### Activity
Omit all pictures, then repeat the listing exactly.

### Material provided

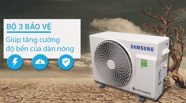 Bộ 3 bảo vệ tăng cường là một trang bị độc đáo mà Samsung dành cho máy lạnh AR10NVFTAGMNSV của mình. Nhờ vậy, máy lạnh sẽ được bảo vệ toàn diện từ: vỏ máy và dàn trao đổi nhiệt, máy nén, ổn áp. Cho máy được nâng cao tuổi thọ với thời gian.
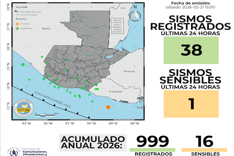 El departamento especializado en sismos del Instituto Nacional de Sismología, Vulcanología, Meteorología e Hidrología (Insivumeh) informó que, desde el 1 de enero hasta este sábado 21 de febrero de 2026, se han registrado 999 temblores en Guatemala, de los cuales únicamente 16 fueron reportados como sensibles por la población.
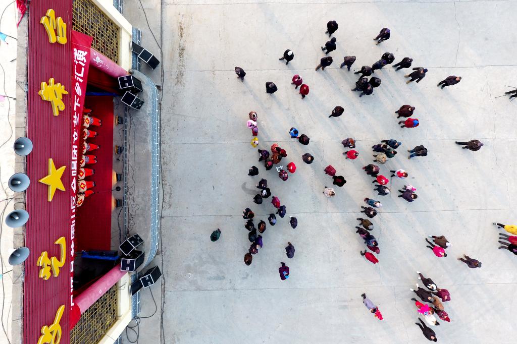 ↑1月3日,在山西省渾源縣荊莊村,村民們在欣賞渾源縣貧困山區(qū)合唱團的演出(無人機拍攝)。
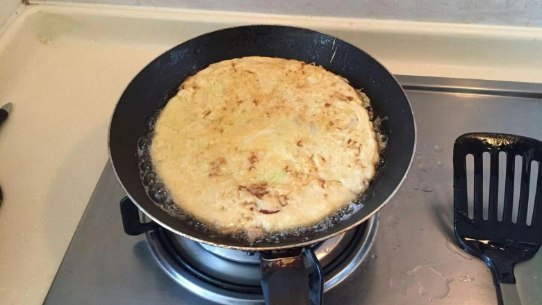 6. 小锅烧热,倒入油,放入面糊,小火慢煎。两分钟。

### Exercise solution
 Bộ 3 bảo vệ tăng cường là một trang bị độc đáo mà Samsung dành cho máy lạnh AR10NVFTAGMNSV của mình. Nhờ vậy, máy lạnh sẽ được bảo vệ toàn diện từ: vỏ máy và dàn trao đổi nhiệt, máy nén, ổn áp. Cho máy được nâng cao tuổi thọ với thời gian.
 El departamento especializado en sismos del Instituto Nacional de Sismología, Vulcanología, Meteorología e Hidrología (Insivumeh) informó que, desde el 1 de enero hasta este sábado 21 de febrero de 2026, se han registrado 999 temblores en Guatemala, de los cuales únicamente 16 fueron reportados como sensibles por la población.
 ↑1月3日,在山西省渾源縣荊莊村,村民們在欣賞渾源縣貧困山區(qū)合唱團的演出(無人機拍攝)。
 6. 小锅烧热,倒入油,放入面糊,小火慢煎。两分钟。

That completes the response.